WORK ITEM:
Every line below from the one containing "Personenbezogene Daten auf" through the one containing "hot spring bath." must be transcribed exactly. Omit all lines outside that stretch.

START EXCERPTED RECORDS

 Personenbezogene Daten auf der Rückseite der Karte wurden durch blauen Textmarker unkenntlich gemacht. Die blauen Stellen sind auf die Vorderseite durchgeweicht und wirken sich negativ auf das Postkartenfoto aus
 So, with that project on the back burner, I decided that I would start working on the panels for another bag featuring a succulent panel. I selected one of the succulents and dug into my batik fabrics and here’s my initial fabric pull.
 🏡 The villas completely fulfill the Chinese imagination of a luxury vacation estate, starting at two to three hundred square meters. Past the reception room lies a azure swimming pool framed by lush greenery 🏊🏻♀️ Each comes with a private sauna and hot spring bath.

END EXCERPTED RECORDS
START EXCERPTED RECORDS

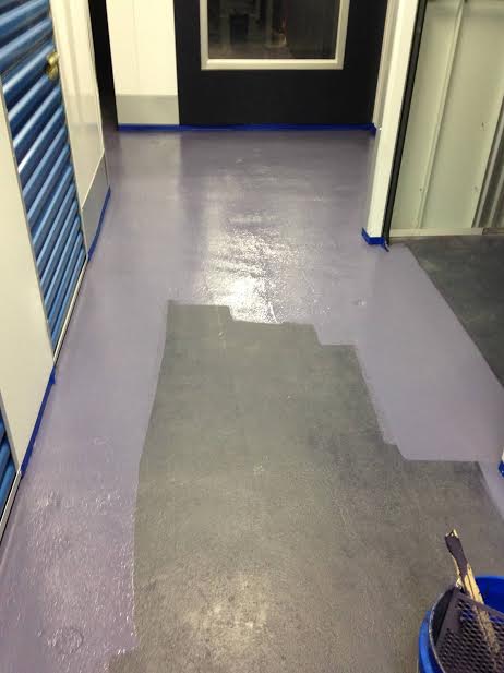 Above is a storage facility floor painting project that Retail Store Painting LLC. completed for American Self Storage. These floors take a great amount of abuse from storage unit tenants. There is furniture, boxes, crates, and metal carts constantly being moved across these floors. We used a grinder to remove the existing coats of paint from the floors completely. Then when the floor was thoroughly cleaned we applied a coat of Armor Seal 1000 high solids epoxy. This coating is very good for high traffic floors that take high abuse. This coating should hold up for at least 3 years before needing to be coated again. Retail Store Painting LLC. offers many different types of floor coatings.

END EXCERPTED RECORDS
START EXCERPTED RECORDS

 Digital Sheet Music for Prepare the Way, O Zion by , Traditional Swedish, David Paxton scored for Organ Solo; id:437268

END EXCERPTED RECORDS

ANSWER FOR THE TASK:
 Personenbezogene Daten auf der Rückseite der Karte wurden durch blauen Textmarker unkenntlich gemacht. Die blauen Stellen sind auf die Vorderseite durchgeweicht und wirken sich negativ auf das Postkartenfoto aus
 So, with that project on the back burner, I decided that I would start working on the panels for another bag featuring a succulent panel. I selected one of the succulents and dug into my batik fabrics and here’s my initial fabric pull.
 🏡 The villas completely fulfill the Chinese imagination of a luxury vacation estate, starting at two to three hundred square meters. Past the reception room lies a azure swimming pool framed by lush greenery 🏊🏻♀️ Each comes with a private sauna and hot spring bath.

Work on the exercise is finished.